** Opening Information given block **

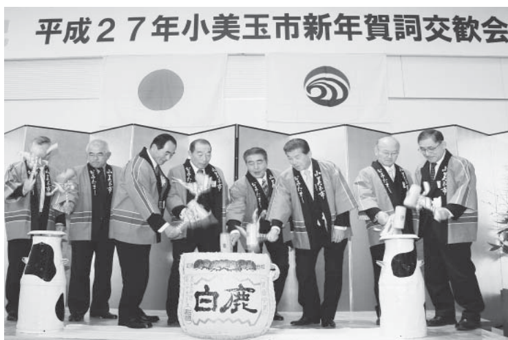
乳製品（飲むヨーグルト）の普及を図って乾杯！

A 条例第5条に嗜好等への配慮ということで、強制するものではなく、あくまで特産品の普及拡大を図るため乳製品で乾杯をお願いするもの。
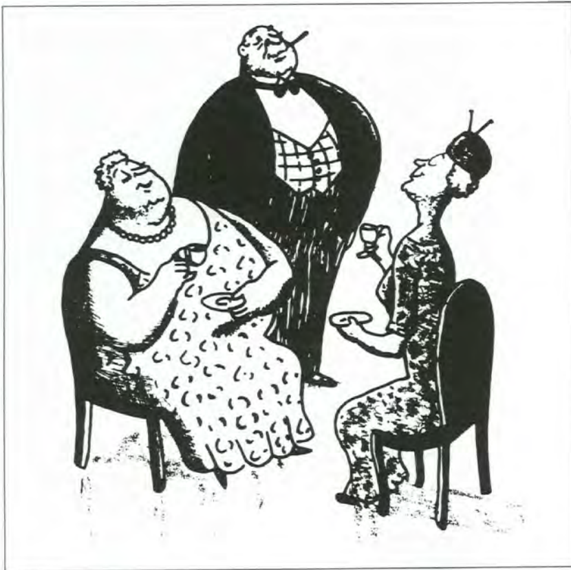
"No! George refuses to have a Production Committee and sit together with ignorant people!" New Propellor, juni 1942

De amerikanske utvalgene fungerte ikke like godt overalt. Det har blant annet vært lagt vekt på at ledelses- og samarbeidsformer i den enkelte bedrift forut for nedsettelsen av produksjonsutvalgene var avgjørende for hvor godt samarbeidet kunne bli under krigen. Generelt
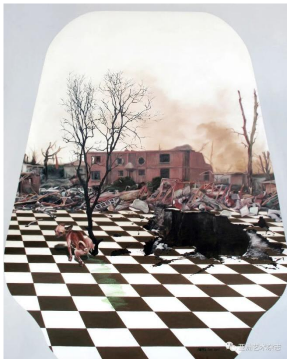
《都市里阳光灿烂--淡绿》160x200cm 布面油画 2011

当李旭彬进入更广阔的叙事语境后，开始深入思考日常与自我之间的关系，于是创作了《都市里阳光灿烂》系列。此系列不再描绘全景式的视觉解构，而是通过细节性的、片段式的描绘，不以悲观的、消极的，也不以粉饰的、积极的心态去创作，而是以艺术家自认为的客观性去诉说，有点类似于电影艺术中的旁白。代表欲望的火山喷发、龟裂的大地、完整的或者黑洞化的马赛克地板、一隅的墙壁与各种姿态的动物形象并置，完全抽离了“人”的形象的存在。
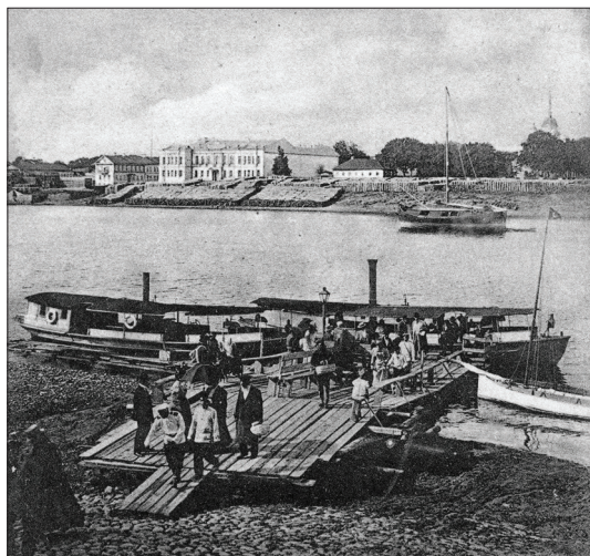
Вид на Завеличье и Биржу-контору Д. В. Зиновьева. С открыток начала XX в.

На более поздних фотографиях 1911 г. и последующих годов видно, что акватория Великой расчищена от сплавного леса, мостков, купален и др. подобных сооружений, загромадивших русло реки. Очевидно, вышел запрет на подобные действия. Панорама реки преобразилась. Зато по берегам и на Завеличье появились сплошные линии дровяных штабелей, начиная от Лесопильного завода и до Ольгинского моста. В районе завода это были крупные штабеля бревен, а на территории завода и Торгового дома — готовой и деловой древесины.
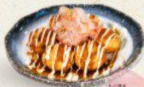
太く焼き Tako Yaki $5.90
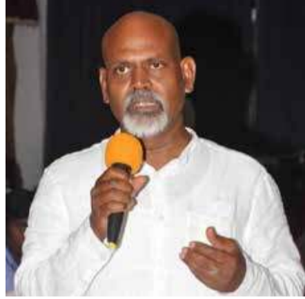
கர்த்தாவாக அவர் இருந்தார். இந்த ஊழல், மோசடியால் அமைச்சரவை

வடக்கு மாகாண சபையில் பாரிய ஊழல், மோசடிகள் இடம்பெறக் காரண
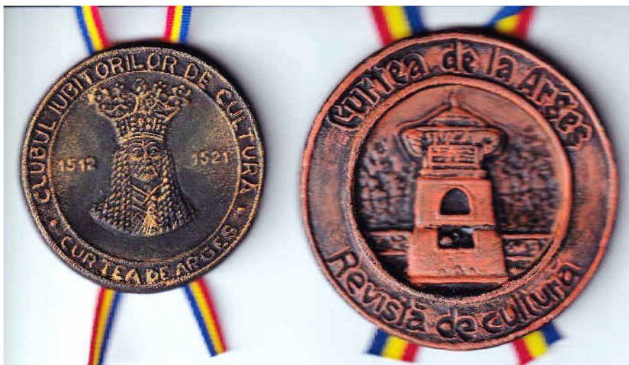
Fig. 1.1. Medalii de lut.
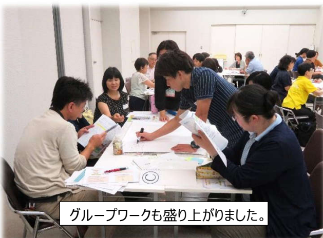
グループワークも盛り上がりました。
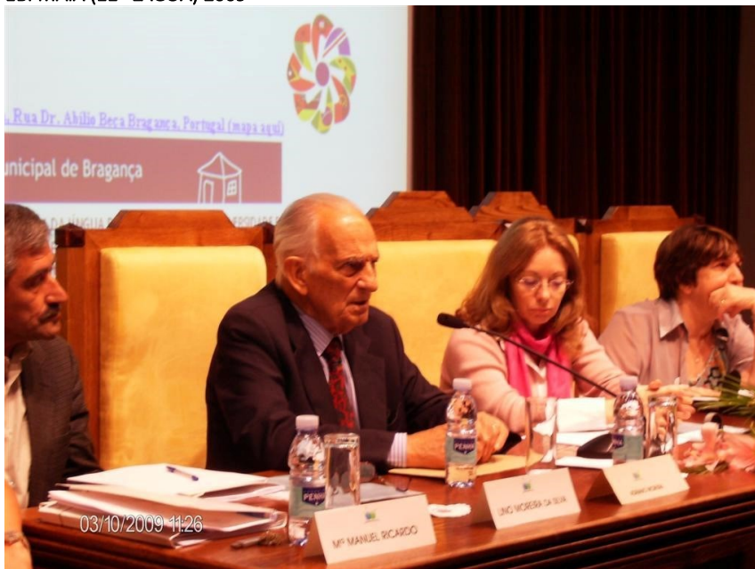
12ª BRAGANÇA 2009
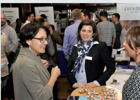
Im Foyer präsentierten acht Aussteller ihre Produkte und freuten sich über das rege Interesse der Besucher.
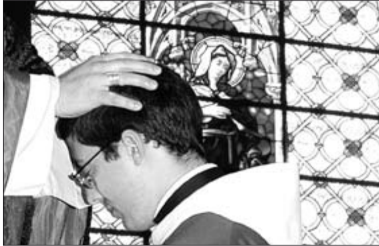
Un joven es ordenado sacerdote.

El "Día del Seminario" se viene celebrando desde el año 1935. Desde entonces cada año llega con un nuevo lema pero con el mismo objetivo: suscitar vocaciones sacerdotales mediante la sensibilización, dirigida a toda la sociedad, y en particular a las comunidades cristianas.

** Closing Information given block **

Task goal = Transcribe exactly the span of lines from the line holding "Im Foyer präsentierten" through the last line above, both included. Pictures stay out.

Written answer =
Im Foyer präsentierten acht Aussteller ihre Produkte und freuten sich über das rege Interesse der Besucher.
Un joven es ordenado sacerdote.

El "Día del Seminario" se viene celebrando desde el año 1935. Desde entonces cada año llega con un nuevo lema pero con el mismo objetivo: suscitar vocaciones sacerdotales mediante la sensibilización, dirigida a toda la sociedad, y en particular a las comunidades cristianas.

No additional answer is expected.